WHAT YOU ARE ASKED TO DO.
Beginning with the line that contains "Capacidad de 20" and ending with the line that contains "漆黑的朝鲜,灯火通明的韩国", reproduce the lines of the entries below exactly, omitting pictures.

WORKING DATA.
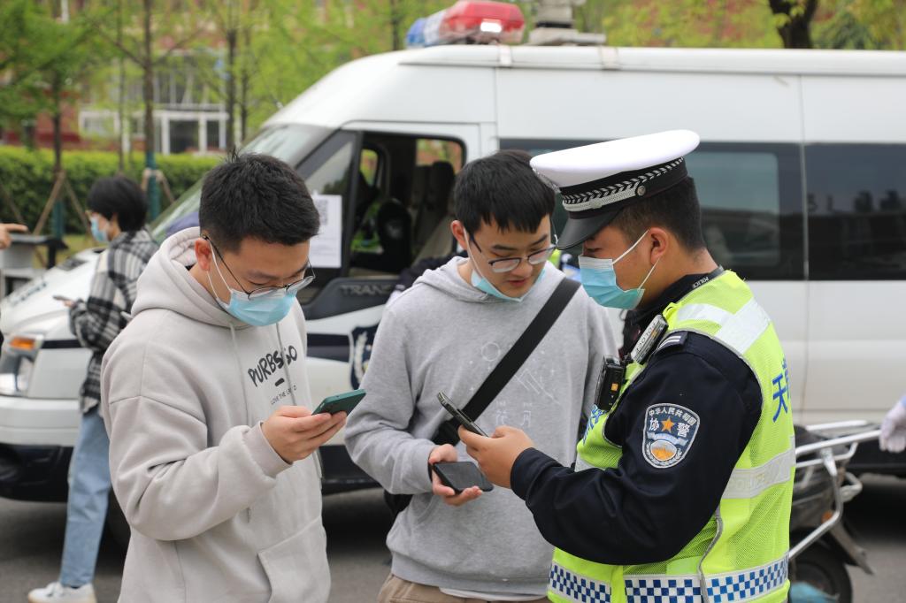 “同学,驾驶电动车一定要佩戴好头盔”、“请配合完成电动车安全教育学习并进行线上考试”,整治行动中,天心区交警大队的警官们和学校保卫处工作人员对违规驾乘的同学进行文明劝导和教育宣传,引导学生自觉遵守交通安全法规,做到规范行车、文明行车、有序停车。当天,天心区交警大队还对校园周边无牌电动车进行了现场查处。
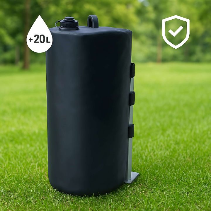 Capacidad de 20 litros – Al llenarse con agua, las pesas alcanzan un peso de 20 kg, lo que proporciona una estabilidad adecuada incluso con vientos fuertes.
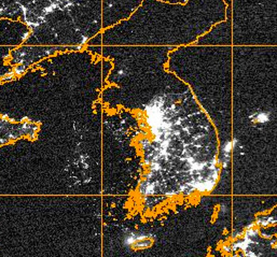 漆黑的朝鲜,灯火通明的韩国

---

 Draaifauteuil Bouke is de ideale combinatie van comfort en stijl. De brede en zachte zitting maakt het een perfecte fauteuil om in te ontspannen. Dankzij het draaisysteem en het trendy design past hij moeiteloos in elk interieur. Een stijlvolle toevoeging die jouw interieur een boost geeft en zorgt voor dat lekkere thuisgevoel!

RESULT FOR THIS TASK.
 Capacidad de 20 litros – Al llenarse con agua, las pesas alcanzan un peso de 20 kg, lo que proporciona una estabilidad adecuada incluso con vientos fuertes.
 漆黑的朝鲜,灯火通明的韩国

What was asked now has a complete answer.